Thumbnail Image


Publication or External Link






The "data explosion'' since the era of the Internet has increased data size tremendously, from several hundred Megabytes to millions of Terabytes. Large amounts of data may not fit into memory, and a proper way of handling and processing the data is necessary. Besides, analyses of such large scale data requires complex and time consuming algorithms. On the other hand, humans play an important role in steering and driving the data analysis, while there are often times when people have a hard time getting an overview of the data or knowing which analysis to run. Sometimes they may not even know where to start. There is a huge gap between the data and understanding.

An intuitive way to facilitate data analysis is to visualize it. Visualization is understandable and illustrative, while using it to support fast and rapid data exploration of large scale datasets has been a challenge for a long time. In this dissertation, we aim to facilitate efficient

visual data exploration of large scale datasets from two perspectives: efficiency and interaction. The former indicates how users could understand the data efficiently, this depends on various factors, such as how fast data is processed and how data is presented, while the latter focuses more on the users: how they deal with the data and why they interact with the system in a particular way.

In order to improve the efficiency of data exploration, we have looked into two steps in the visualization pipeline: rendering and processing (computations). We first address visualization rendering of large dataset through a thorough evaluation of web-based visualization performance. We evaluate and understand the page loading effects of Scalable Vector Graphics (SVG), a popular image format for interactive visualization on the web browsers. To understand the scalability of individual elements in SVG based visualization, we conduct performance tests on different types of charts, in different phases of rendering process. From the results, we have figured out optimization techniques and guidelines to achieve better performance when rendering SVG visualization.

Secondly, we present a pure browser based distributed computing framework (VisHive) that exploits computational power from co-located idle devices for visualization. The VisHive framework speeds up web-based visualization, which is originally designed for single computer and cannot make use of additional computational resources on the client side. It takes advantage of multiple devices that today's users often have access to. VisHive constructs visualization applications that can transparently connect multiple devices into an ad-hoc cluster for local computation. It requires no specific software to be downloaded for setup.

To achieve a more interactive data analysis process, we first propose a proactive visual analytics system (DataSite) that enable users to analyze the data smoothly with a list of pre-defined algorithms. DataSite provides results through selecting and executing computations using automatic server-side computation. It utilizes computational resources exhaustively during data analysis to reduce the burden of human thinking. Analyzing results identified by these background processes are surfaced as status updates in a feed on the front-end, akin to posts in a social media feed. DataSite effectively turns data analysis into a conversation between the user and the computer, thereby reducing the cognitive load and domain knowledge requirements on users.

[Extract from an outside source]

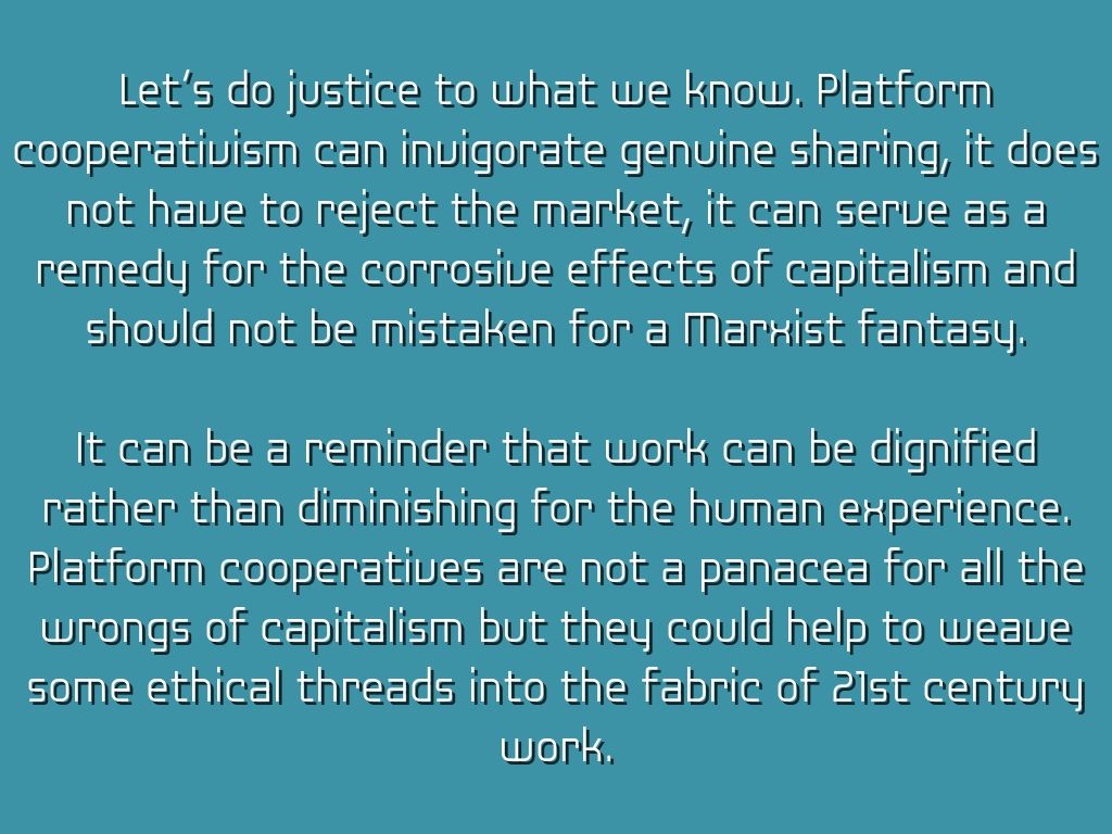 Let’s do justice to what we know. Platform cooperativism can invigorate genuine sharing, it does not have to reject the market, it can serve as a remedy for the corrosive effects of capitalism and should not be mistaken for a Marxist fantasy.

Next we apply the concept of proactive data analysis to genomic data, and explore how to improve data analysis through adaptive computations in bioinformatics domain. We build Epiviz Feed, a web application that supports proactive visual and statistical analysis of genomic data. It addresses common and popular biological questions that may be asked by the analyst, and shortens the time of processing and analyzing the data with automatic computations.

We further present a computational steering mechanism for visual analytics that prioritizes computations performed on the dataset leveraging the analyst's navigational behavior in the data. The web-based system, called Sherpa, provides computational modules for genomic data analysis, where independent algorithms calculate test statistics relevant to biological inferences about gene regulation in various tumor types and their corresponding normal tissues.